GOAL OF THE EXERCISE >> Going from the line that contains "Ocelové pletené lanko" through the last line of the records, set down each line again exactly, both included, with pictures left out.

..........

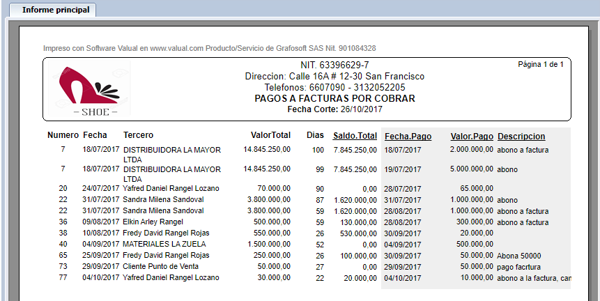Pagos a Facturas por Cobrar
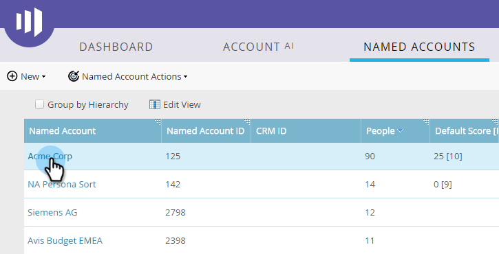 특정 Named Account을(를) 방문하여 가상 사용자를 봅니다.
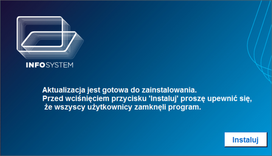 Aktualizacje dostarczane są z serwerów firmy INFO-SYSTEM. Aplikacja zapewnia bezpieczeństwo procesu aktualizacji — chroni przed błędami i umożliwia cofnięcie zmian w przypadku niepowodzenia.
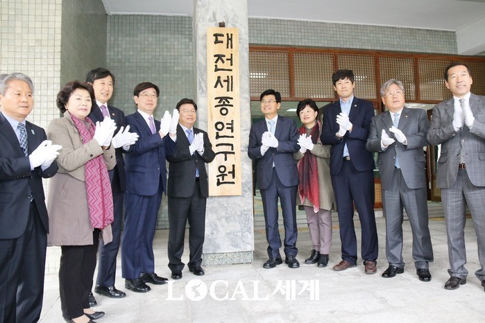 ▲권선택 대전시장과 이춘희 세종시장, 유재일 대전세종연구원장 등이 대전세종연구원 개원식을 갖고 있다. 오영균 기자. |
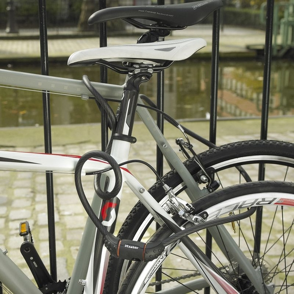 Ocelové pletené lanko o průměru 12 mm a délce 1 800 mm má vinylový potah, který zabraňuje poškrábání. Obsahuje integrovaný zámek na klíč, součástí balení jsou 4ks klíčů. Součástí balení je i držák pro praktické skladování.
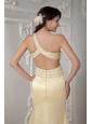 Home >  Prom Dresses >  Elegant Prom Dresses > Unique Light Yellow Column Prom Dress One Shoulder Satin Beading Brush Train

..........

WRITTEN RESPONSE >>
 Ocelové pletené lanko o průměru 12 mm a délce 1 800 mm má vinylový potah, který zabraňuje poškrábání. Obsahuje integrovaný zámek na klíč, součástí balení jsou 4ks klíčů. Součástí balení je i držák pro praktické skladování.
 Home >  Prom Dresses >  Elegant Prom Dresses > Unique Light Yellow Column Prom Dress One Shoulder Satin Beading Brush Train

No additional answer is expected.